Jerry’s groundbreaking scholarship is widely recognized. What is not as well known is what a truly incredible teacher he was. I was fortunate enough to TA for him twice while in graduate school, and the way he could bring Kant (and other difficult authors) alive for undergraduates was nothing short of amazing.

Paul Guyer
Paul Guyer
1 month ago

Jerry Schneewind was a great scholar and a wonderful human being. His two big books, on Sidgwick and on the background to Kant’s moral philosophy, are landmarks that have endured for decades and are unlikely to be surpassed any time soon. His service to the profession and to academia, including a stint as Provost at Hunter College, CUNY, was extensive. He was one of the people who hired me for my first job, and even though we then overlapped for only two years at Pitt he always encouraged my work, and became a lifelong friend. Both in Pittsburgh and Baltimore, he and his wife Elizabeth opened their home to friends and colleagues in a way that is now rare. His devotion to his family was unlimited. We last saw him at the memorial for John Cooper last summer — with other deaths this past year, a generation of great philosophical scholars is passing on.

Nate Bowditch
Nate Bowditch
1 month ago

Jerry was, indeed, a great scholar and incredible teacher.

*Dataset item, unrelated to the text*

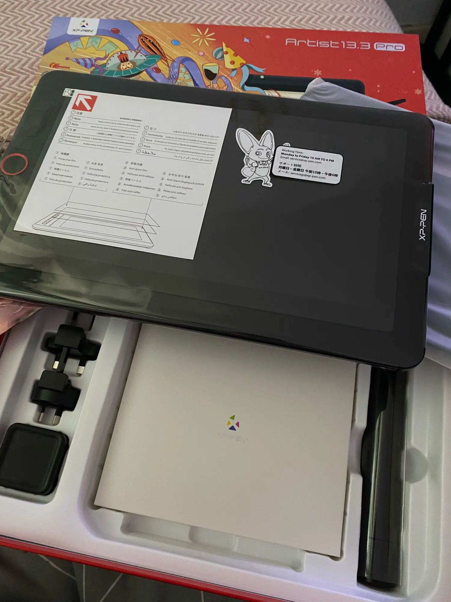 Планшет прибыл в ЕС через действительно несколько дней, и это был уик-энд. Сразу же распакован, настроен и крут. :) Я очень доволен. У меня есть профессиональный опыт работы с Wacom cintiq, и я должен сказать, что для своей работы, дополнительная talbet с ламинированием по сравнению со стеклом-это очень приятное решение. Я левша, я использую вращение на 180 °. Единственная небольшая проблема, которую я вижу с кабелем питания USBC, не сгибается, но я покупаю редуктор и решаю его с помощью суперструктуры на 3d-принтере, чтобы я не сломал кабель. У меня большие руки и дикая работа:-D

He was also, for me and many others, a wonderful mentor. He modeled discipline, rigor, and intensity, but he also radiated love for a life well lived. He was demanding but generous. More than once I left his office intellectually bruised; never did I leave hopeless. And he knew his students—in ways, often better than we knew ourselves. I’m sure my academic journey was unsurprising, possibly predictable, from where Jerry was sitting. I’m lucky enough to own a hand-me-down print of a Rothko that Jerry had on his wall in Gilman Hall. It’s been on my office wall since the day I started my first full-time academic job. It will remain there.

Daniel Callcut
Daniel Callcut
1 month ago

I enjoyed many fascinating conversations with Jerry about the history of ethics. His range of knowledge was extraordinary. There is an excellent volume of essays inspired by Jerry’s work called New Essays on the History of Autonomy edited by Natalie Brender and Larry Krasnoff.

Susan Wolf
Susan Wolf
1 month ago

Jerry brought me to Hopkins when I was denied tenure at U. Maryland, saving me from a bottomless pit of self-doubt. Though it was hard not to be intimidated by his wisdom and his scholarship, he was unfailingly supportive and warm. He was a model scholar-citizen, a wonderful father, husband, and friend, and altogether exceptional human being.

Julia Driver
Julia Driver
1 month ago

Jerry was a wonderful person and a truly great mentor. I was a TA for him once while at Johns Hopkins, and he was on my committee. He pushed me, very nicely, to always work harder and do better. I remember after graduating from Hopkins I would run across people in the profession who were amazed at how much history of philosophy I knew, even though that wasn’t “my area”. That was due to Jerry, and I am very grateful to him for all the hard work he put into reading my efforts and pushing me to improve, and for the kindness he showed me.

Steven Gross
1 month ago

Johns Hopkins’ memorial notice is now posted, here: https://hub.jhu.edu/2024/01/09/jerome-schneewind-obituary/

Cynthia Freeland
Cynthia Freeland
1 month ago

I was fortunate to have Jerry Schneewind as a teacher at Pitt in around 1976 or 1977. He had not been around the department before that, I think because he was either in administration or on leave somewhere else, but he came back for one semester–perhaps contractually obligated–to teach a graduate seminar. The topic was early modern ethics, and we read Hume, Hobbes, and Spinoza. He truly was a remarkable teacher. What stood out most to me was that he quite naturally incorporated a lot of relevant background material about the relevant political and historical contexts into his lectures about each of these thinkers. Although I had truly excellent teachers in history of philosophy, I had not actually experienced an approach that interpreted a philosopher’s views in light of their own contemporary intellectual context. It had a huge impact on me and I did endeavor afterward to do more by way of setting the stage, historically speaking, for some of my own teaching of Ancient Greek philosophy, which was then my specialty. Two other things stood out. First, although I had studied Spinoza before, no one had actually taught the Ethics as a book about ETHICS–imagine that. It was always being studied as something in metaphysics or perhaps philosophy of mind. Focusing on the later books of the Ethics was so illuminating, particularly after having read Hume and Hobbes. And finally Jerry wrote the best comments on any paper I ever wrote in graduate school. I confess I don’t even remember what I wrote on. But he afforded me the sort of detailed attention that I craved. It was, sadly, all too common to get a paper back with a grade and then a one-sentence sort of throwaway comment. I was very sorry that he was not going to be around any longer during my time at Pitt. Obviously, I didn’t know him well, but he had a big impact on me.

Larry Krasnoff
Larry Krasnoff
1 month ago

When I decided to go to graduate school at Johns Hopkins and study with Jerry, I had written an undergraduate thesis in French intellectual history, had studied mostly Continental philosophy, and had started thinking about analytic philosophy mainly because I enjoyed reading Richard Rorty. This made no sense to other philosophers at Hopkins or most anywhere else, but it made sense to Jerry, who was also, I came to learn, Rorty’s good friend.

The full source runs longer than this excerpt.